Валерий Горшков
Принц воров
Ночь обещала быть длинной и беспокойной: Ленчик, уже ставший счастливым обладателем двух нижних зубов, во весь голос объявлял о приближении верхней симметричной пары. Природа славно позаботилась о борьбе и единстве противоположностей, дав родителям счастливую возможность наблюдать, как растет их малыш, правда, осложнив это бессонными ночами.
Светлана и Ярослав по очереди вскакивали с постели, устремляясь к Ленчику, едва тот начинал возиться и плакать. Малышу, как и родителям, очень трудно объяснить, что от этой боли не умирают, что боль эта естественна и правильна. Но удивительнее всего то, что родителям объяснить труднее, чем детям. Эту боль они, позабыв о том, что в третий раз зубам их никак не появиться, готовы взять на себя и страдать за ребенка.
— Это он сейчас что сделал? — подняв голову, тревожно спросил Слава. — Застонал?

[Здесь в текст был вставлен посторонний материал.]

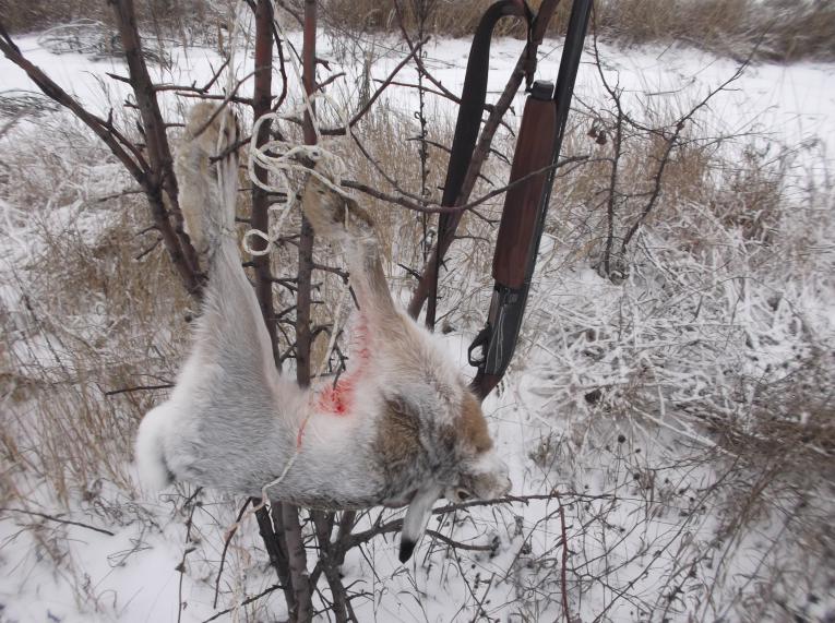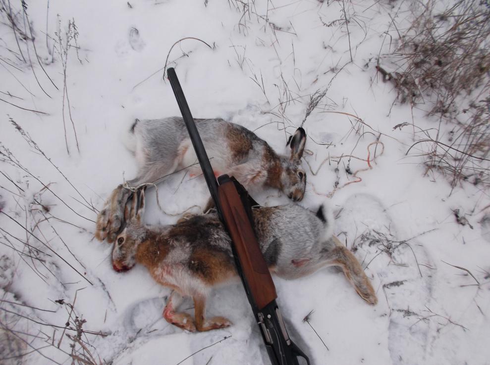 Вчера промазал по зайцу вскочившему передо мной в 5 метрах. Убегал он как спецназовец, прыгая та в право то влево. 4 патрона - а дальше овраг спасительный. Прошёлся через час по следу с километр ,крови нет ,скачет ровно ,значит чистые промахи. Забрался в густой ивняк и был таков. А вот сегодня зайцам не повезло. Первого вытропил в небольшом лесочке около капустного поля. Наделав несколько сдвоек то в лес то в поле косой пристроился с края лесочка. Но встал незаметно ,я его увидел уже убегающим метрах в 35-40. Два выстрела в догонку и зай скрылся за деревьями. Я пошёл проверять гонный след и немного пройдя вижу что заяц начал кашлить кровью. Побежал было догонять ,но вижу моего зайца сидящим на полевой дороге . Я тоже присел метрах в ста от бедолаги и стал наблюдать что будет дальше. И минут через 5, зайчик завалился на бок и затрусил ножонками. Я подбежал и добрал его руками. Иду в сторону машины довольный и бац ,ещё сдвойки. Снимаю добычу с плеча, ложу в снег и пошёл по сдвойкам. Через пару минут подъём в 3 метрах спереди. Отпускаю и начинаю опять мазать. Только четвёртым накрыл зайца наглухо. Снайпер из меня никакой. Что заметил на коротких дистанциях 15-25 метров часто мажу ,а на 40-50 попадаю. И зайцы в этом сезоне какие то усидчевые. Подпускают почти в упор, если проходишь мимо в 7-10 метрах даже не реагируют, хотя наст хрустит хорошо.

— Это ты повернулся, и кровать скрипнула, — объяснила Светлана. — Спи, тебе рано вставать. — Когда в кромешной тьме комнаты наступила тишина, она вздохнула и тихо спросила: — Неужели это все закончилось?..
— Как же, — пробормотал Корсак, заворачиваясь в одеяло, как в кокон. — Врач сказал, это теперь до полного прорезывания. Потом пойдут опять нижние, после — верхние, и так — до полного комплекта… Тридцать два. А потом снова начнут по одному выпадать. Ты знаешь, есть предложение… — вдруг вскинулся он, и даже в темноте явственно чувствовался рационализм его энтузиазма. — Как насчет того, чтобы нести вахту посменно? Сейчас который час?
— Четверть третьего, но я не об этом.
— В смысле? — не понял Корсак.
— Я не это имела в виду, когда спрашивала, закончилось ли все это.
Окончательно запутавшийся в полусонных ночных мыслях Корсак зевнул, хрустнув десятки раз выбитой на тренировках и в реальных драках челюстью, и попросил жену объясниться.
— Ты помнишь тридцать седьмой?
— Я его очень хорошо помню, — резко ответил Ярослав, и на комнату от этих слов словно опустилось ледяное покрывало.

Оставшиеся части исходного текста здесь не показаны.